One response to this would be to change the fiscal policy. However, this is limited by the Stability and Growth Pact. If a country is in recession, but interest rates are going up in the European Monetary Union because others are in a boom, it could normally stimulate the economy by lower taxes and high government spending-but no longer have the right to do this except within defined limits. Those in recession when interest rates are high may find that unemployment rises to socially acceptable levels. One result of all this is that the Stability and Growth Pact is coming under immense strain.

On unemployment, it was found that the average difference between the rates in the 12 countries in the euro zone average was 3% higher than in 1990. France and Germany had unemployment rate of 9% and 10%, yet the Netherlands, Ireland and Portugal had rates between 2% and 5%.

On inflation, there has been more convergence. In the early 90s, the average difference between member rates in the euro zone average was 2.5%, and in the early 2000, it was down to 1%. However, Germany and Belgium have inflation rates, around 1%, while Ireland, Greece, Portugal and The Netherlands have rates around 4%.

Although the whole euro zone has the same interest rate, there is still the question of real enters rates due to varying inflation.

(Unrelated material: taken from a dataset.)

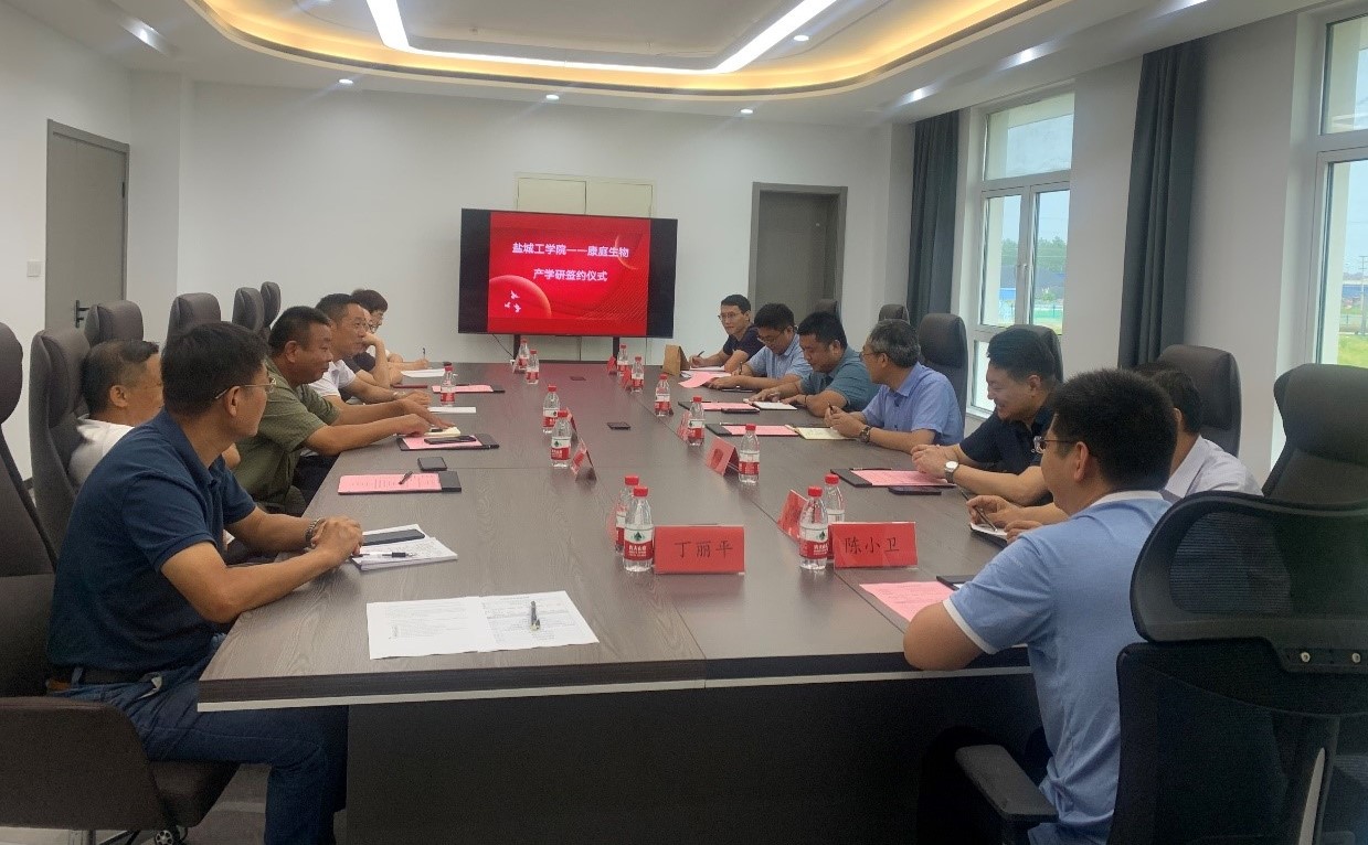 林荣业代表公司对材料学院的来访表示热烈欢迎。他表示,随着公司在盐阜大地上扎根与发展,属地高校,特别是盐城工学院材料学院已与康庭生物公司形成了良好的校企产学研合作基础。此次产学研交流与签约仪式,将是康庭生物公司与材料学院深化合作与交流的基础与开端。 对企业目前的生产经营业绩情况进行了简要介绍,并对于双方前期合作取得的成果给予肯定,期待双方能够继续在产品研发、项目申报、人才培养等方面深化合作,实现优势互补、相互促进、共同发展。会上,李军帅介绍了康庭生物公司的历史、发展过程与远景规划。

In the late 90s, all countries except Greece and Portugal had much the same real interest rates. In early 2002, however, Greece, Ireland, Portugal and The Netherlands actually had negative real interest rates. These countries need higher nominal rates to combat inflation, but of course, can’t have one. Low inflation countries, like Germany and Belgium, have the highest real interest rates due to low inflation, but would like lower nominal rates to stimulate the economy.

If you liked this financial topic then you may be interested in learning about forex scalping and forex training.

 

The concept of loan consolidation is one that involves someone taking out a loan in order to clear their existing debt. Student Loan Debt Consolidation is a very practical repayment tool where all a student’s loans are combined in to one master loan. This consolidation helps to significantly reduce the student’s monthly payments (indeed they can be reduced by up to 50%).

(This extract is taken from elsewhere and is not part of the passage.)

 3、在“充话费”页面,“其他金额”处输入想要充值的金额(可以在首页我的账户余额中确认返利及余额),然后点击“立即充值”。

Why should one think of consolidation? Well let’s face the fact that for many students life after they have graduated can be expensive. This is due to all the expenses of living that come with post graduate living (like cost of housing, relocation and car payments). The student loan debt consolidation helps one to reduce their monthly payments and therefore help them manage their budget better.

An additional benefit of student loan debt consolidation is the fact that it helps melt down several loans in to one master loan. This in turn helps save one from frustrations; reduce the risk of one missing a monthly payment and it all helps improve one credit score. Apart from the above benefits, there are more benefits and some of the common ones are as below:

Common benefits of student loan debt consolidation
• Decreased monthly payments up to 50% in some cases.
• If one makes an early payment they cannot be penalized.
• It simplifies one’s entire monthly bill paying paper work in to one monthly payment.
• With consolidation, there are no co-signers required, no credit check and no fees (this is for federal consolidation only).

It is very clear that for people who are having difficulties paying their student loans, the option of consolidating their student loans is the best. Having multiple payments would most likely lead to forgetting payments and falling late on them. By consolidating all your loans into one, you’ll stress a lot less over your debt.